At this point in River-Horse we're in the Rockies, boating or canoeing down mountain streams. It's a difficult way, since the water is unpredictable, and what's underneath the water even more so. But they're slowly heading toward the Continental Divide, where they will finally be going downstream, after weeks of traveling upstream on the Mississippi and the Missouri Rivers.
The writer is an interesting fellow; his voice is quite distinctive. He characterizes his crew and others he meets along the way as highly skeptical of his venture, and critical of him for trying it. It seems in every chapter he needs to make it clear to the reader and his crew that he's the one true believer in their ability to make it to the Pacific. Every day, it seems, he must convince them to stick with it. He keeps going despite the odds because to him it's a quest--they're just along for the ride. I wonder if his crew would characterize it the same way. It'd be interesting to see if their comments have been published anywhere.
Heat-Moon does seem an egotist, but he also seems very concerned about the environment and how industry and government are wrecking it. He acknowledges the changes that are slowly taking place, though, in how waterways are treated and used. (He gives a begrudging nod to the Corps of Engineers now and again.) Sometimes he even seems conflicted about what is better--the improved waterway or the wild river. The wild river is more scenic, more natural, but not very easy to navigate, and in those places where it has been made into a channel or a reservoir, Heat-Moon seems at times relieved to have a break from the natural river with all its twists and turns, variable depths, and unexpected hazards. One can imagine that's how people in the 19th and early 20th centuries felt when the improvements were first made.

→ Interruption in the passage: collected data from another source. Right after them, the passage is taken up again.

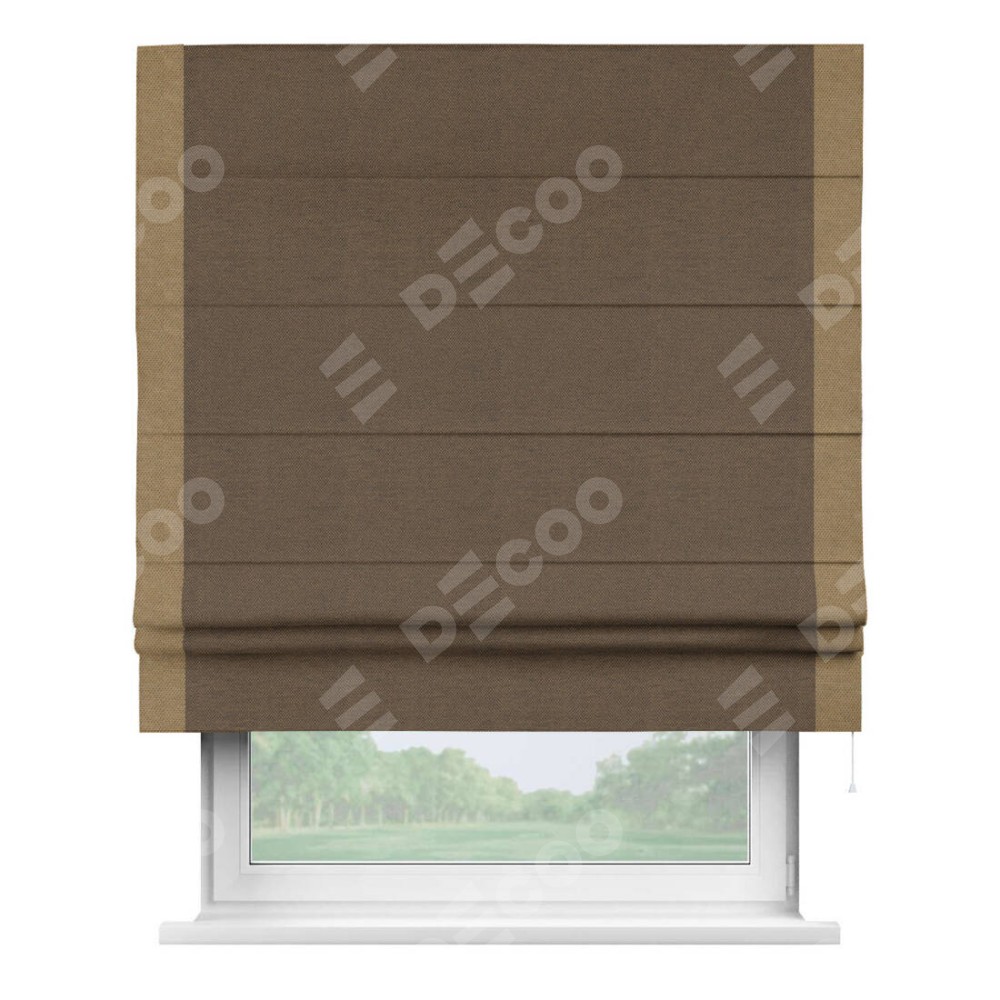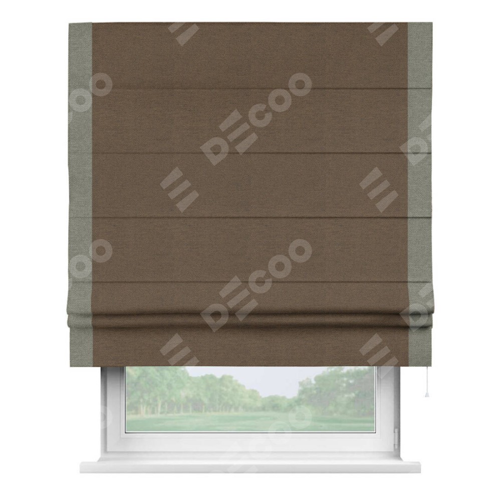 Римская штора «Кортин» с кантом Стрим Дуо, для проема, ткань лён димаут, тёмно-коричневый
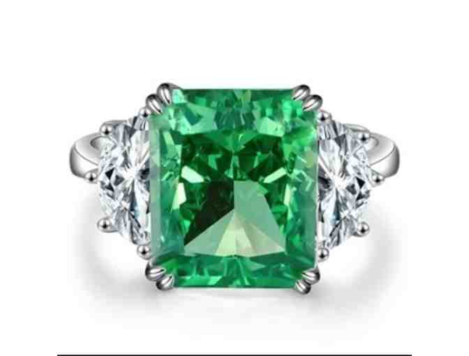 Bid now to win this 925 Sterling Silver 9CT Lab Emerald Crushed Ice Cut Ring Size 5 for Women
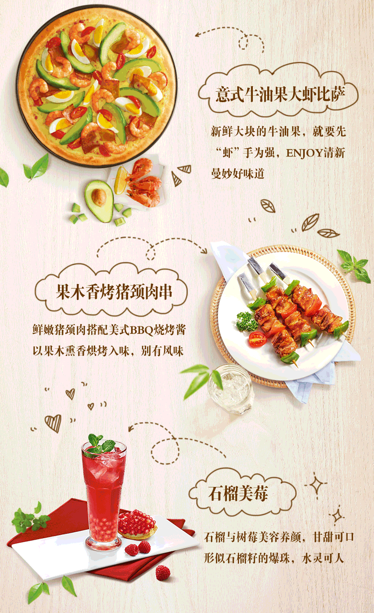 “快乐因分享而加倍,悲伤因分享而减半”。看完广告以后,还真有种冲动想约朋友出来次比萨了有没有!听说这周一必胜客推出了牛油果大虾比萨,约不约?

I'm still enjoying the book and the author's rich descriptions of each place with its flora and fauna and its bipedal inhabitants and their structures. I think, though, that I too am going to be happy when we're on the downhill side of the journey, at the tail of the Snake, as it were. The fact that I feel that way is a masterful stroke on the author's part, I think. He is not just chronicling the journey; he's making the reader feel it as much as possible the way he felt it. When we come to the end we will be as jubilant as he, I think.
There's an interesting part of the book that points to that effect in a way. When he's traveling through the flat landscape of the Dakotas, instead of narrating the highlights day by day, as he has done throughout the book, he reproduces his journal entries covering several days at once. In this way he shows us that it is so tedious, so unchanging from one day to the next, that summary is the best way to convey it. What was most interesting to me, though, is realizing that he had been narrating one day at a time (a day per chapter)--he had purposely been going that slowly.